Study recommends additional math education to steer women to STEM fields


LAWRENCE — To help bridge the gap between men and women in math-intensive STEM fields and careers, educators should engage girls as young as elementary school in intervention programs focused on more math skills, according to a new report on the landscape of women in science-related careers.

"Math is the key to many of these majors where women are underrepresented," said Donna Ginther, University of Kansas professor of economics and director of KU's Center for Science, Technology & Economic Policy at the Institute for Policy & Social Research. "The mathematical careers and those majors pay significantly better than social science, life science and psychology, and I really think that in the long term — because of computers, information and data — math is key to having a well-paying job and a career."

Ginther further discusses the study here.

The intervention strategy is the main policy recommendation from a study Ginther, psychological scientists Stephen J. Ceci and Wendy M. Williams of Cornell University and Boston University economist Shulamit Kahn conducted on the gender gap in academic sciences since 2000. The full report and an accompanying commentary by Diane Halpern of Minerva Schools at the Keck Graduate Institute are published this month in Psychological Science in the Public Interest, a journal of the Association for Psychological Science. A New York Times op-ed also addressed the study. 

The study included a review of all past and wide-ranging research on women in the academic sciences since 2000 and a quantitative analysis of data by gender, including high school graduation rates, academic majors, careers, salaries, hours worked and academic publications. The report contains several pieces of good news, Ginther said, such as increasing parity between men and women in certain science fields, except for computer science.

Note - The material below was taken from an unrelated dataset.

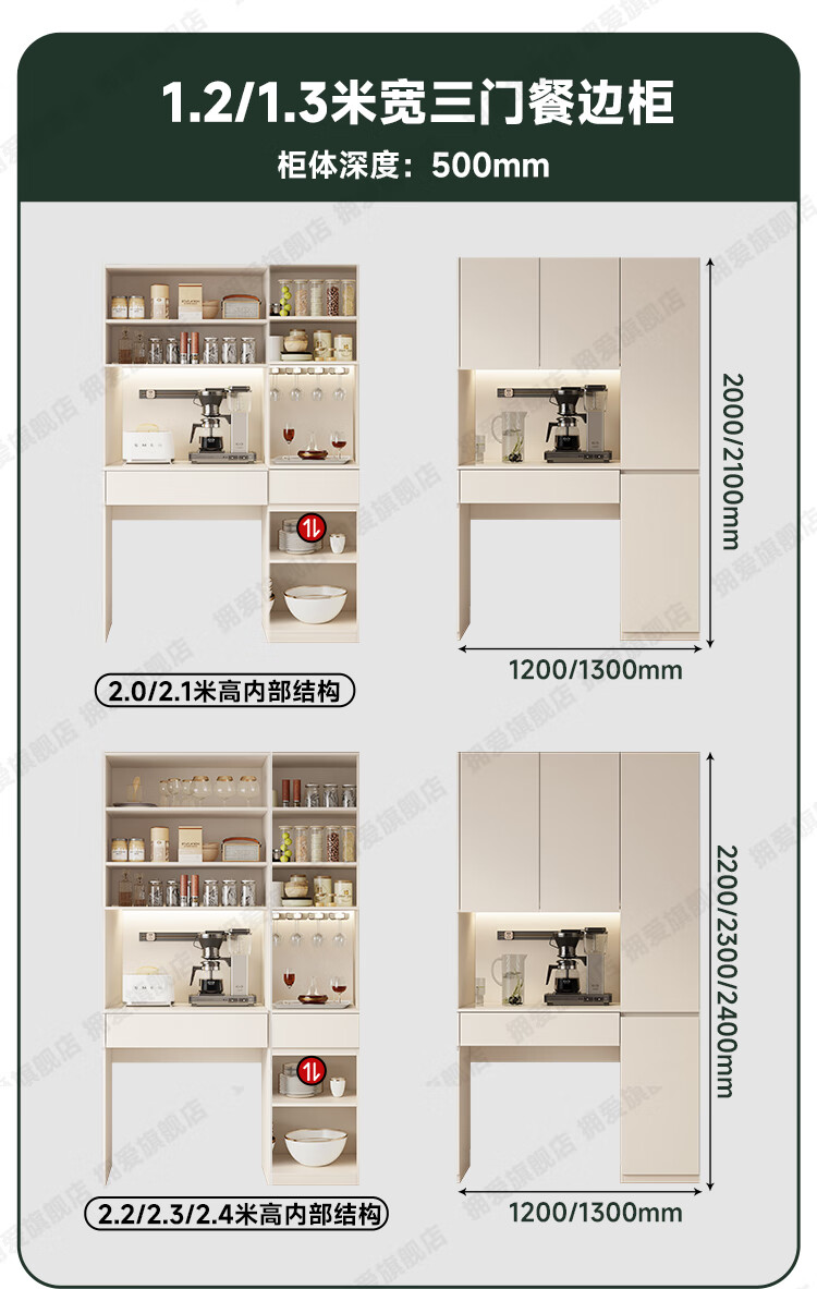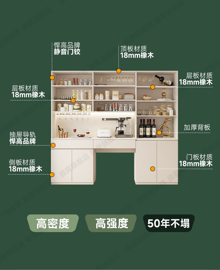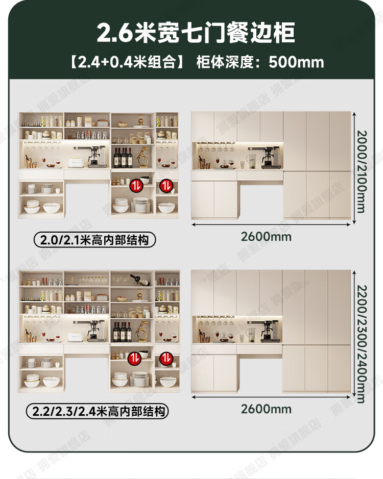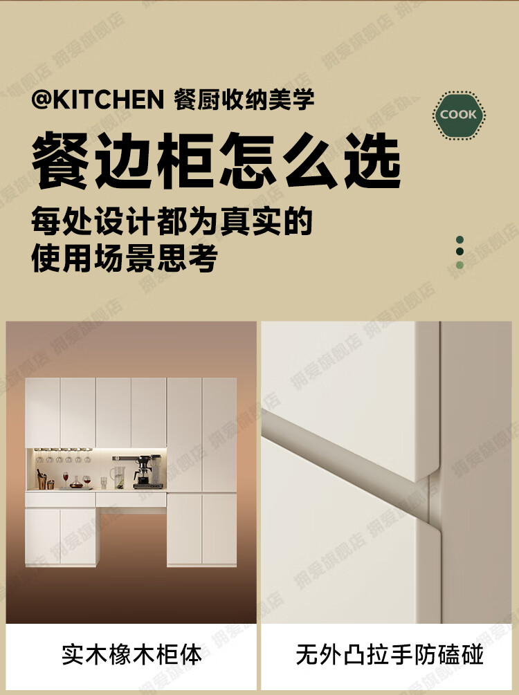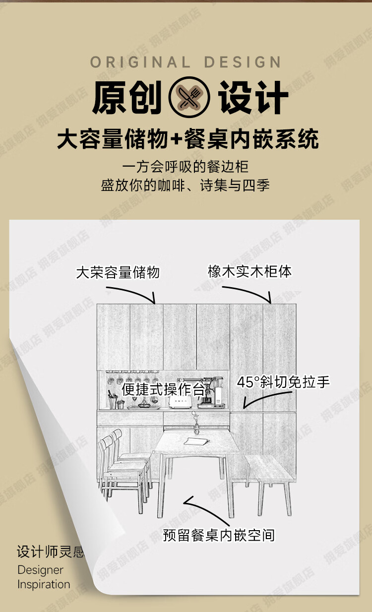拥爱ENF母婴级定制实木餐边柜一体靠墙客厅茶水柜2025新款可嵌入餐桌 0.8*2.0米高【两门餐边柜】 ENF级全实木

"There's been significant progress, but puzzles remain," Ginther said.

A key feature of the report is that it separates math-intensive fields in which women are underrepresented from non-math-intensive fields of life science, psychology and social science, referred to as LPS, in which women are overrepresented or at parity — often breaking down analyses into eight disciplines over multiple time periods to chart the changing landscape.

"You cannot treat all science fields the same, so each is a separate market. Women's progress or lack of progress depends upon the field," Ginther said.

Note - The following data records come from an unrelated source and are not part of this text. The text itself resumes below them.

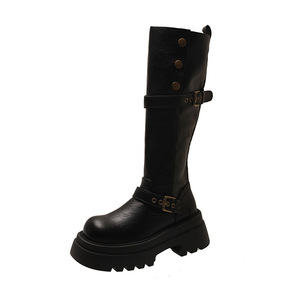 大码美拉德长筒靴女2025秋冬新款胖mm粗腿增高骑士靴小个子高筒靴
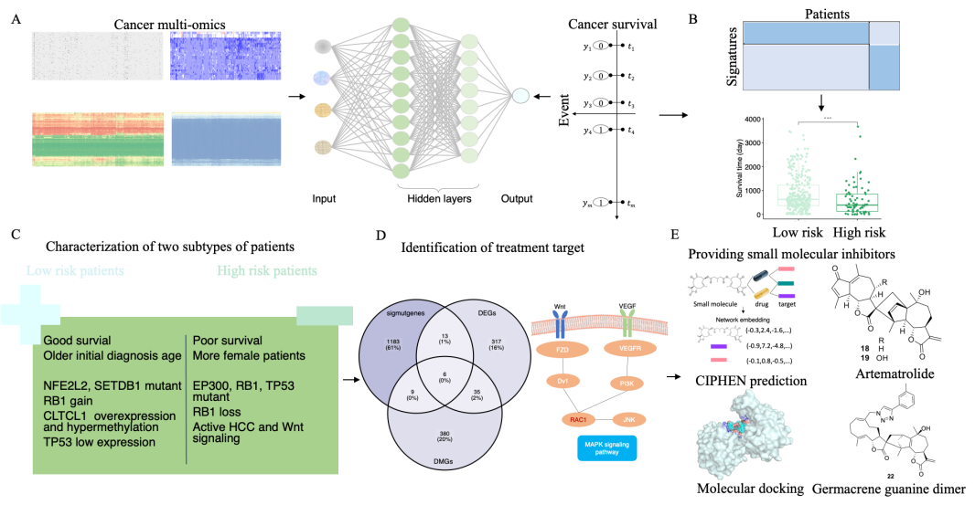 基于深度学习的多模态模型能够高效挖掘肿瘤多组学数据揭示新的治疗靶点。团队提出DLCP模型,通过对肿瘤多组学数据与患者生存信息的高效整合,实现了对肝细胞癌患者的分子分型、预后生物标志物识别并推荐了潜在的抗肝癌优势分子。DLCP实现了肝癌高、低危患者的分子分型,筛选到预后生物标志物Rac 家族成员RAC1。通过分子对接、动力学模拟及课题组前期开发的基于深度学习的化合物靶点预测模型CIPHEN,DLCP模型成功筛选到倍半萜二聚体衍生物KGA-1083b。实验表明KGA-1083b对三株肝癌细胞(SK-Hep-1,HepG2,Huh7)均显示出显著抑制活性,IC50均低于10 μM, SPR 实验获得KD 值17.3 μM,CETSA实验表明 KGA-1083b 可以使得RAC1 的热稳定性增加。综上, DLCP 为将深度学习应用于癌症预后分析方面提供了一个成功的范例,它通过整合多样化的多组学数据和临床表型揭示了肝细胞癌发展的分子机制,加速了候选药物分子的发现。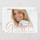 Este anúncio elegante de graduação de 2022 apresenta duas fotos da faculdade ou do formando segundo grau. Um roteiro casual, moderno, faux rosa gold aparece em uma camada junto com duas fotos do formando. Você pode ajustar o texto na parte traseira do cartão para fazer com que isso seja um simples anúncio de graduação ou um convite de festas de formando. Um na moda e design de graduação simples para a classe de 2022!

The report shows women are underrepresented in college majors, graduate school programs and professional fields that are the most mathematically intensive, such as geoscience, engineering, economics, mathematics, computer science and the physical sciences, referred to as GEEMP. In 2011, for example, women received just 25 percent of GEEMP bachelor’s degrees, and women comprised just 25 percent to 44 percent of tenure-track assistant professors in GEEMP fields. Yet women outnumber men among college graduates overall.

Ginther said although there has been progress in getting more women into STEM fields, the next step is focusing on math-intensive skills to encourage more female students to enter those fields in the future. GEEMP-related careers tend to lead to jobs with higher wages than the fields of life science, psychology and social science, she said.

"Math is the gatekeeper, and young women's views of how well they do math is a gatekeeper. It becomes a cumulative advantage story that if you don't have the math early on, it's going to be the road not taken — a very lucrative road not taken," Ginther said. "So it's a big problem and something that as a society we need to think about."

Such interventions may include programs, beginning as early as elementary school, designed to encourage girls to engage and achieve in fields like engineering, computer science and physics.

At the university level, enticing women to switch to GEEMP majors depends on requiring early science coursework, because women switch to GEEMP majors more often than men but only if they have taken introductory science courses early in their college career. And still later, interventions must focus on fostering work-life balance for talented doctoral students who are at greater risk of opting out of tenure-track positions.

“Our hope is that this research synthesis, coupled with the numerous new analyses we have provided in this article, will help redirect the debate toward critical issues that are most important in limiting the careers of women scientists today, and hopefully move closer to solving them,” the research team wrote.